>>>>>

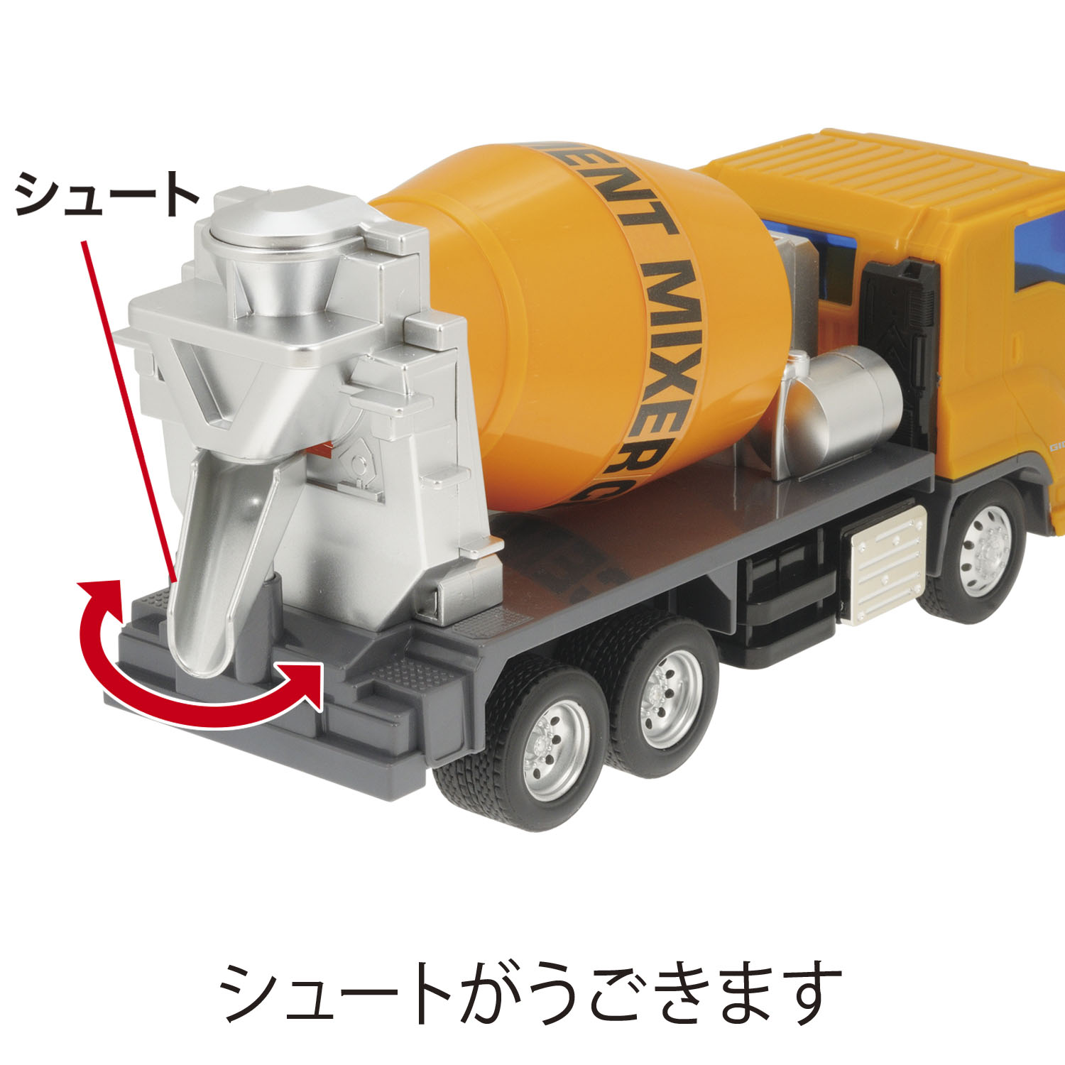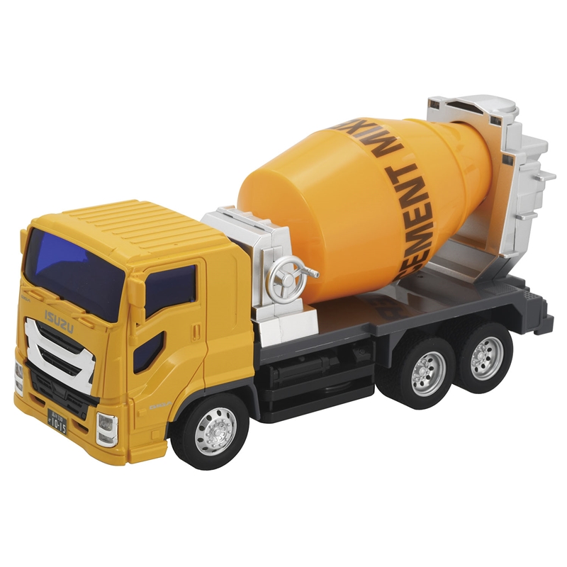 リアルなフォルムでイスズギガのライセンスを取得しています。 ハンドルを回すとミキサー車のドラムが回転します。 後ろのシュートが動きます。 フリクション機構内蔵しており前輪を床に押し付けながら前へスライドさせ勢いをつけ、 手を離すと前へ進みます。 玩具安全基準合格 ST ・フリクション内蔵 ・ハンドルを回すとドラムが回ります。
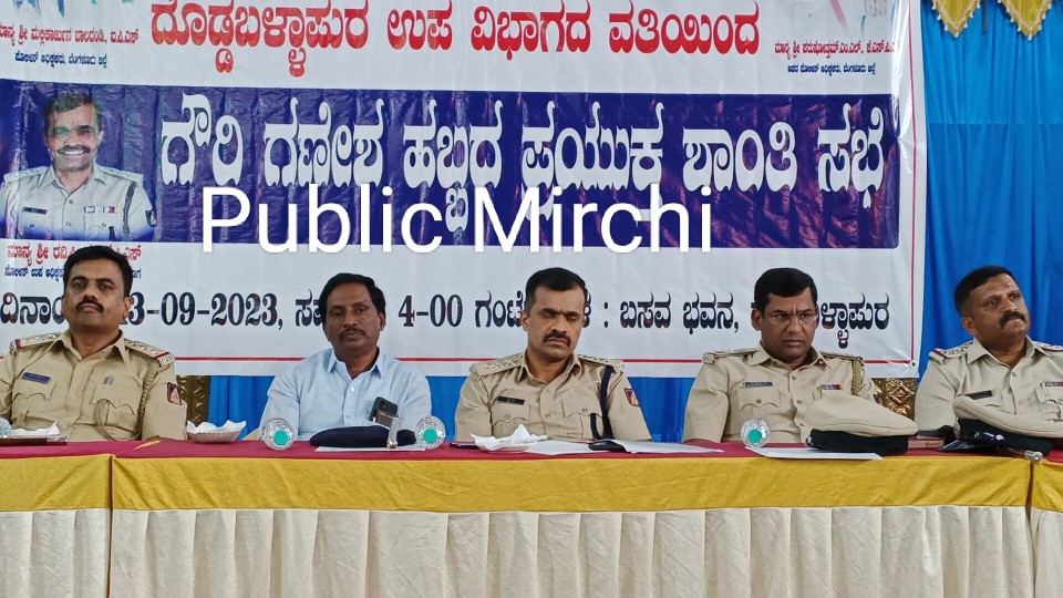 ಬೆಂಗಳೂರು ಗ್ರಾಮಾಂತರ ಜಿಲ್ಲೆ ದೊಡ್ಡಬಳ್ಳಾಪುರ ಉಪವಿಭಾಗದ ವತಿಯಿಂದ ಗೌರಿ ಗಣೇಶ ಹಬ್ಬದ ಪ್ರಯುಕ್ತ ಡಿವೈಎಸ್ ಪಿ ರವಿ.ಪಿ ಅವರ ನೇತೃತ್ವದಲ್ಲಿ ಶಾಂತಿ ಸಭೆಯನ್ನು ನಗರದ ಬಸವ ಭವನದಲ್ಲಿ ಆಯೋಜನೆ ಮಾಡಲಾಗಿತ್ತು.
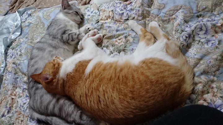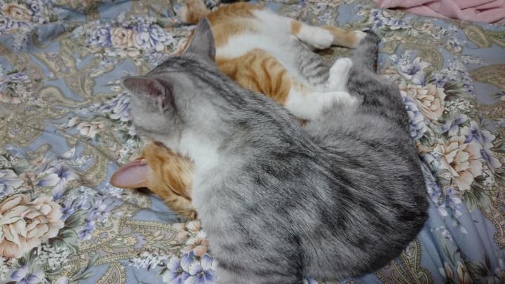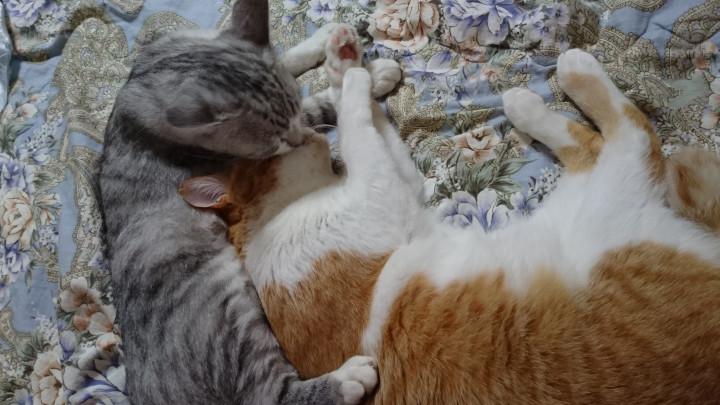 特に寝ぼけているときは普段喧嘩ばかりのにこちゃんにペロペロと毛繕いしてあげております。にこちゃんは甘えん坊さんなので嬉しそうです。

<<<<<

PROBLEM TO WORK ON
Nothing but the pictures should be left out when the listing is repeated exactly.

RESPONSE BOX
 リアルなフォルムでイスズギガのライセンスを取得しています。 ハンドルを回すとミキサー車のドラムが回転します。 後ろのシュートが動きます。 フリクション機構内蔵しており前輪を床に押し付けながら前へスライドさせ勢いをつけ、 手を離すと前へ進みます。 玩具安全基準合格 ST ・フリクション内蔵 ・ハンドルを回すとドラムが回ります。
 ಬೆಂಗಳೂರು ಗ್ರಾಮಾಂತರ ಜಿಲ್ಲೆ ದೊಡ್ಡಬಳ್ಳಾಪುರ ಉಪವಿಭಾಗದ ವತಿಯಿಂದ ಗೌರಿ ಗಣೇಶ ಹಬ್ಬದ ಪ್ರಯುಕ್ತ ಡಿವೈಎಸ್ ಪಿ ರವಿ.ಪಿ ಅವರ ನೇತೃತ್ವದಲ್ಲಿ ಶಾಂತಿ ಸಭೆಯನ್ನು ನಗರದ ಬಸವ ಭವನದಲ್ಲಿ ಆಯೋಜನೆ ಮಾಡಲಾಗಿತ್ತು.
 特に寝ぼけているときは普段喧嘩ばかりのにこちゃんにペロペロと毛繕いしてあげております。にこちゃんは甘えん坊さんなので嬉しそうです。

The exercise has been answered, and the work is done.